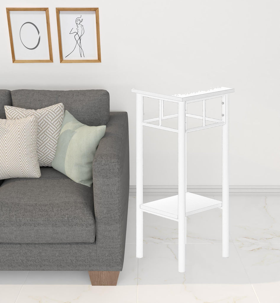 Show off your exquisite taste with this 28" black end table with shelf. A solid black metal frame is finished off with a matching black manufactured wood seat, giving this table a chic monotone look. Help to keep your space organized with the included single shelf. An ideal location for placing your snacks and drinks, and a place to keep your lamp, frames, or other accessories. This versatile table is a great accent for most any room. 28" H x 12" W x 12" D
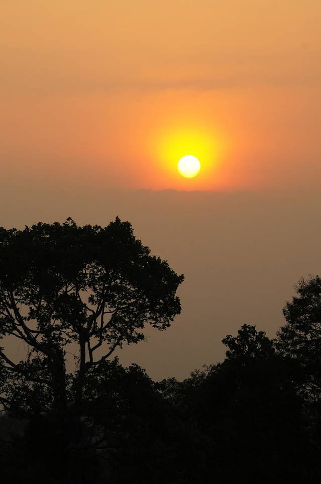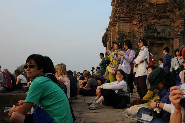 2、关于日落:巴肯山自然也是最经典的位置,但是我放弃了,原因是旺季人太多,影响心情。比粒寺和洞里萨湖旁边的格罗姆寺(也有人叫科荣寺)也是很不错的看日落地点。我个人比较喜欢格罗姆寺,太阳是从洞里萨湖上落下,水天一色比较漂亮,而且非常清静,人很少。巴肯山和比粒寺都是落到树林里,色彩差一些。比粒寺最好也是4:00左右到,参观完差不多5:00左右,就坐在西边平台边上(一定在最高的平台边上,恐高的除外)等日落,1月底的时候,我看日落的时候天边都有云,太阳落山大约是5:50,5:20左右就可以开始照相了。很快背后就会聚集起里三层外三层的人。
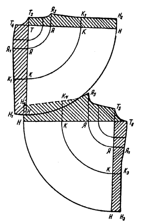 Чертеж такой конструкции может быть построен на основе конструкции длинных брюк путем конического разведения передней части по линии сгиба. Разведение выполняется на величину, необходимую для образования в точке Т между шаблонами прямого угла (рисунок 8.25).

Directions = Write out the material above precisely, leaving each picture behind.

Written answer =
 Show off your exquisite taste with this 28" black end table with shelf. A solid black metal frame is finished off with a matching black manufactured wood seat, giving this table a chic monotone look. Help to keep your space organized with the included single shelf. An ideal location for placing your snacks and drinks, and a place to keep your lamp, frames, or other accessories. This versatile table is a great accent for most any room. 28" H x 12" W x 12" D
 2、关于日落:巴肯山自然也是最经典的位置,但是我放弃了,原因是旺季人太多,影响心情。比粒寺和洞里萨湖旁边的格罗姆寺(也有人叫科荣寺)也是很不错的看日落地点。我个人比较喜欢格罗姆寺,太阳是从洞里萨湖上落下,水天一色比较漂亮,而且非常清静,人很少。巴肯山和比粒寺都是落到树林里,色彩差一些。比粒寺最好也是4:00左右到,参观完差不多5:00左右,就坐在西边平台边上(一定在最高的平台边上,恐高的除外)等日落,1月底的时候,我看日落的时候天边都有云,太阳落山大约是5:50,5:20左右就可以开始照相了。很快背后就会聚集起里三层外三层的人。
 Чертеж такой конструкции может быть построен на основе конструкции длинных брюк путем конического разведения передней части по линии сгиба. Разведение выполняется на величину, необходимую для образования в точке Т между шаблонами прямого угла (рисунок 8.25).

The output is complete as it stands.